The overall cancer rate in Port Hope is no higher than in the rest of Ontario, despite almost 70 years of radioactive pollution from Canada's sole uranium refinery.

Yet a study by federal health experts released here yesterday found statistically significant higher incidences of brain cancer among the town's women and young people. Brain cancer rates in men were elevated but not significantly so.

Brain cancer is not closely linked to radiation exposure, unlike leukemia which scientists call a "sentinel" cancer.

Radioactive contamination has been a Port Hope issue for 30 years. Local activists accuse the federal government of complicity because the uranium refinery was owned by Ottawa for most of its existence.

The federal nuclear safety regulator has approved continuing daily emissions of radioactive dust by the refinery now owned by Cameco Corp.

Brain cancer struck the daughter of Pat Lawson, a leading campaigner for community health studies in the town. Lawson says the health of her children is being sacrificed to Canada's nuclear industry.

"This is our nightmare that we live daily," said Lawson who is looking after her ailing 41-year-old daughter.
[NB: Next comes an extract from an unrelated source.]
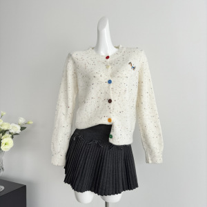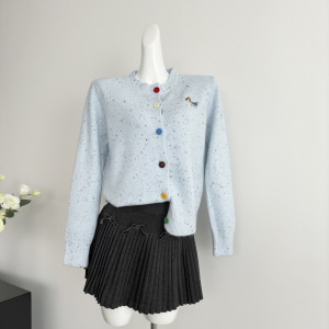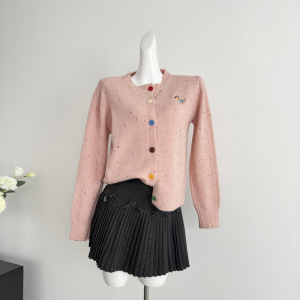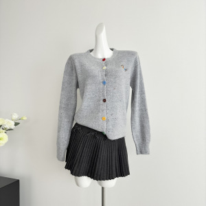 丸首のカーディガンのポニー刺繍ニットのセーター春と秋のコートはゆったりしています。

But a Canadian Nuclear Safety Commission epidemiologist said misdiagnosis and poor residence records could have artificially inflated the number of brain cancer cases.

"It's not clear that there really is an excess of brain cancer in the (Port Hope) community," said Suzana Fraser [Federal regulator epidemiologist].

Fraser said Cancer Care Ontario will delve deeper into the brain cancer finding. People listed in cancer registry records as living in Port Hope may have been from the surrounding rural area, she said.

Brain cancers often are misclassified because the primary cancer site may be elsewhere and later spread to the brain, she added.

The federal laboratory centre for disease control study found cancer of the brain and nervous system was reported for 11 Port Hope women between 1986 and '96 -- more than twice the number forecast by provincial rates.

Also elevated above provincial averages were the five brain cancer cases in residents, 19 or younger, between 1971 and 1985. In all, 589 residents of Port Hope were diagnosed with one of 45 different cancers between 1986 and '96, when medical records are most accurate.

The study looked only at the incidence of cancer among people still living in Port Hope. For a more accurate picture scientists need to track down most of those exposed who have moved away.